De fato, mesmo nas hipóteses de contratação direta, decorrentes de dispensa ou inexigibilidade de licitação, o princípio do desenvolvimento sustentável deverá nortear a atividade administrativa, garantindo o equilíbrio entre as metas econômicas com os aspectos ambientais e sociais. Semelhantemente, nos casos de execução de obras e serviços diretamente pelo Estado, sem a intervenção de terceiros, também existe a obrigatoriedade de serem sustentáveis as atividades administrativas. (MACHADO; REZENDE, 2016).

Na realidade, a incorporação desse valor às contratações governamentais produz efeitos anteriores e posteriores à própria contratação. O gestor deve analisar, antes de tudo, se é mesmo necessário efetuar a compra, verificando, por exemplo, a disponibilidade e a vantagem na reutilização de bens, por meio de consulta ao fórum eletrônico de materiais ociosos (no caso do Poder Executivo da APF), disponível no portal eletrônico de contratações públicas do Governo Federal – Comprasnet, conforme previsto no art. 7º, § 1º, da Instrução Normativa n. 1/2010, da Secretaria de Logística e Tecnologia da Informação do Ministério do Planejamento (SLTI/MP). (BRASIL, 2010d). Em outros termos, antes mesmo de iniciar o processo de aquisição, cabe responder à indagação típica da sustentabilidade:

É ela realmente necessária e apresenta benefícios que ultrapassam os seus custos diretos e indiretos? Considerou o administrador público, com esmero e capacidade de cálculo (no sentido confiável do termo) a hipótese de resolver a demanda com medidas de racionalização ou com o emprego daquilo que está disponível e ocioso? Mais: a decisão administrativa de licitar coaduna-se com o princípio da sustentabilidade, em todas as suas dimensões, inclusive as sociais e econômicas? Favorece uma solução sistêmica ou contribui para formação de gargalos que só dificultam a vida de todos? Encontra-se a opção desdestinada por motivos subalternos ou ímprobos? A seleção de prioridades encontra amparo ético-jurídico na imparcialidade? (FREITAS, 2016, p. 261).

Superada essa primeira etapa, e chegando-se à refletida conclusão de contratar, o gestor público deve definir o objeto do qual necessita, mais apto a promover o desenvolvimento sustentável, observados os custos e benefícios, diretos e indiretos, ao longo do seu ciclo da vida, ou seja, desde o momento de sua produção até o seu descarte.

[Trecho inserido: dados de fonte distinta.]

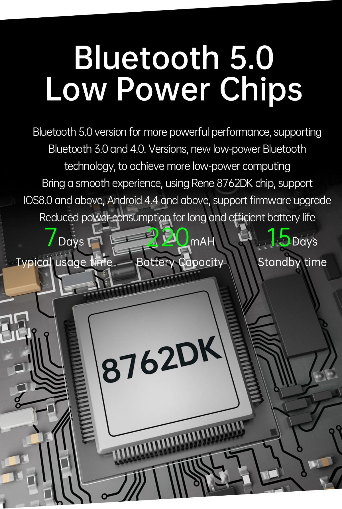 Набор микросхем: RTL8762DK + JIELIДатчик ускорения: SC7A20Емкость аккумулятора: 220 мАПоддержка телефонной системы: Для IOS8.0 и abocve, для Android5.0 и выше

Finalmente, quando do cumprimento das obrigações pactuadas, a Administração deverá fiscalizar a correta execução do contrato, bem como a adequação das estimativas que orientaram a contratação, considerando inclusive a disposição final dos eventuais resíduos.

Em temos gerais, assim, as compras públicas sustentáveis devem considerar, no mínimo, ao lado de aspectos sociais e da promoção do comércio justo no mercado global: (a) a redução do consumo; (b) a análise do ciclo de vida do produto (produção, distribuição, uso e disposição) para determinar a vantajosidade econômica da oferta; (c) o estímulo para que os fornecedores assimilem a necessidade premente de oferecer ao mercado, cada vez mais, obras, produtos e serviços sustentáveis, até que esta nova realidade passe a representar regra geral e não exceção no mercado brasileiro; (d) o fomento da inovação, tanto na criação de produtos com menor impacto ambiental negativo, quanto no uso racional destes produtos, minimizando a poluição e a pressão sobre os recursos naturais. (BRASIL, 2016a).